| EXERCISE INSTRUCTIONS |
Please reproduce, exactly as given, the lines running from the start of the data to the line containing "В центре изображен", inclusive, and omit the pictures.

| EXERCISE MATERIALS |
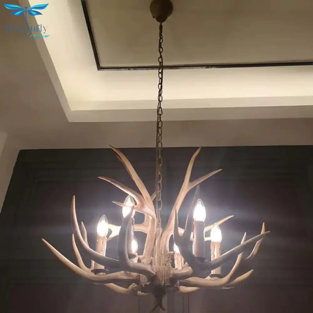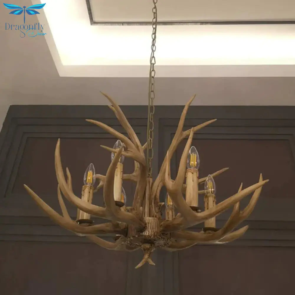 6 Lights Deer Horn Ceiling Pendant Rural Brown Resin Chandelier Lamp f
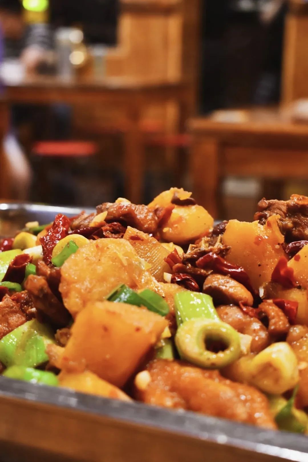 土豆、青红椒、辣皮子、土鸡等爆炒一锅,有肉有菜,轻轻松松做到营养均衡。最后记得加两份皮带面,充分挂满浓稠汤汁,美!
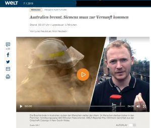[…] Ein Unternehmen, das diesen Schritt noch nicht gegangen ist, ist ausgerechnet Siemens. Der gleiche deutsche Konzern, der öffentlich keine Gelegenheit auslässt, sich zu seiner unternehmerischen Verantwortung zu bekennen und der verspricht, bis 2030 klimaneutral zu sein, plant, für die Mine in Australien die Signalanlage für die Gleise zum Abtransport nach Indien bereitzustellen. […]
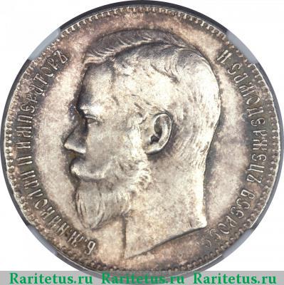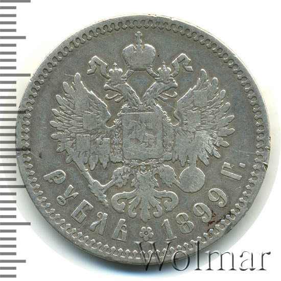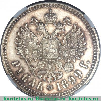 В центре изображен Малый Государственный Герб Российской империи - двуглавый орёл, головы которого увенчаны двумя коронами, третья, большая корона над ними. Все они соединены орденской лентой ордена Св. Апостола Андрея Первозванного. На груди орла расположен Московский герб, в щите изображен Георгий Победоносец с копьем поражающий дракона. Вокруг щита цепь ордена Св. Апостола Андрея Первозванного. На крыльях изображены гербы: Царства Казанского, Польского, Херсонеса Таврического, Астраханского, Сибирского, Грузинского и герб соединенных княжеств Киевского, Новгородского и Владимирского — по 4 на каждое крыло. В правой лапе орла – скипетр, в левой – держава. Под ним слева направо изображены: номинал - надпись «РУБЛЬ», цветочная розетка и дата выпуска «1899 Г.». По окружности канта имеются рельефные элементы, выполненные в виде зубцов.
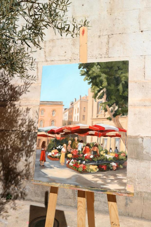 A Toulon, Eléonore a trouvé les paysages et les ambiances qui l’inspirent. « En Provence, il y a une lumière particulière, très belle. Elle nourrit mes tableaux de ses couleurs chatoyantes et de beaucoup de joie. » Pour sa troisième collection, la jeune artiste est éclairée par l’œuvre du peintre espagnol Joaquìn Sorolla (1863-1923), connu pour ses scènes baignées de lumière méditerranéenne. Entre marchés aux fleurs, bâtisses ocres et arcades de la vieille ville toulonnaise, les toiles d’Eléonore reflètent la vie calme et ensoleillée du Midi.
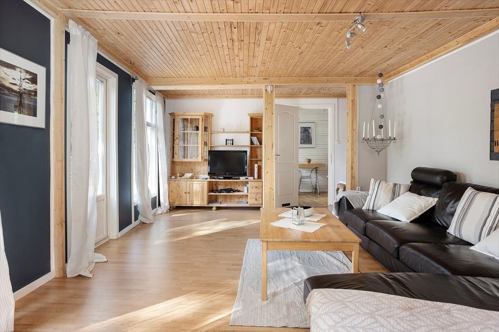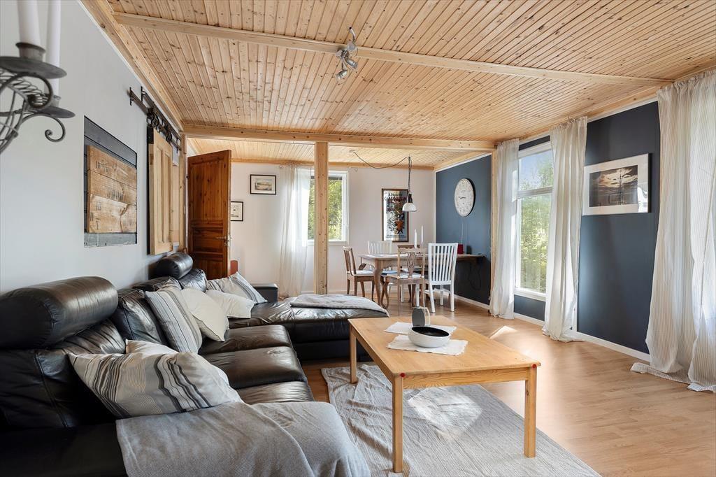 Bei dem zentral in der kleinen Ortschaft auf einem etwa 700 m² großen Gartengrundstück liegenden Ferienhaus mit einer Wohnfläche von etwa 140 m² handelt es sich um ein früheres Kolonialwarengeschäft mit dazugehöriger Wohnung, das in den Jahren 20/21 umfassend und gründlich renoviert und zum Urlaubsdomizil umgebaut wurde. Über eine kleine Eingangsterrasse betritt man das Haus und gelangt durch einen geräumigen Flur, von dem auch die Treppe ins Obergeschoss führt, in die moderne Wohnküche, ausgestattet mit Geschirrspüler, Elektroherd mit Glaskeramikkochfeld und Backofen, Kühl- Gefrierkombination, Mikrowelle und Kaffeemaschine. Von der Küche aus gelangt man zum einen in ein Badezimmer mit WC, Dusche und Handwaschbecken und auf der gegenüber liegenden Seite in ein etwa 30 m² großes kombiniertes Wohn-/Esszimmer mit Essecke, Sitzgruppe mit Smart TV an. An dieses Zimmer schließt sich das eine im Erdgeschoss liegende, mit einem Doppelbett möblierte Schlafzimmer an. Die beiden weiteren Schlafzimmer, ebenfalls mit Doppelbetten möbliert, befinden sich im Obergeschoss des Hauses; ein Kinderbett und ein Kinderstuhl stehen zur Verfügung. Im Obergeschoss gibt es außerdem einen kleines Spielzimmer mit Kinderbüchern, Lego, großer Spielesammlung und einer Schlafcouch, ein zusätzlicher Fernseher mit deutschen Programen sowie ein Lesezimmer mit kleiner Bibliothek. WLAN steht zur Verfügung und das Streamen ist ruckelfrei möglich. Das Haus hat fließend kaltes und warmes Wasser und kann elektrisch und mit dem in der Küche befindlichen Kaminofen beheizt werden. Den Gästen stehen darüber hinaus Gartenmöbel und Grill sowie Waschmaschine und Trockner zur Verfügung. Genutzt werden dürfen außerdem zwei 3-er Kanus und zwei 1-er Kajaks.

| TASK SOLUTION |
 6 Lights Deer Horn Ceiling Pendant Rural Brown Resin Chandelier Lamp f
 土豆、青红椒、辣皮子、土鸡等爆炒一锅,有肉有菜,轻轻松松做到营养均衡。最后记得加两份皮带面,充分挂满浓稠汤汁,美!
[…] Ein Unternehmen, das diesen Schritt noch nicht gegangen ist, ist ausgerechnet Siemens. Der gleiche deutsche Konzern, der öffentlich keine Gelegenheit auslässt, sich zu seiner unternehmerischen Verantwortung zu bekennen und der verspricht, bis 2030 klimaneutral zu sein, plant, für die Mine in Australien die Signalanlage für die Gleise zum Abtransport nach Indien bereitzustellen. […]
 В центре изображен Малый Государственный Герб Российской империи - двуглавый орёл, головы которого увенчаны двумя коронами, третья, большая корона над ними. Все они соединены орденской лентой ордена Св. Апостола Андрея Первозванного. На груди орла расположен Московский герб, в щите изображен Георгий Победоносец с копьем поражающий дракона. Вокруг щита цепь ордена Св. Апостола Андрея Первозванного. На крыльях изображены гербы: Царства Казанского, Польского, Херсонеса Таврического, Астраханского, Сибирского, Грузинского и герб соединенных княжеств Киевского, Новгородского и Владимирского — по 4 на каждое крыло. В правой лапе орла – скипетр, в левой – держава. Под ним слева направо изображены: номинал - надпись «РУБЛЬ», цветочная розетка и дата выпуска «1899 Г.». По окружности канта имеются рельефные элементы, выполненные в виде зубцов.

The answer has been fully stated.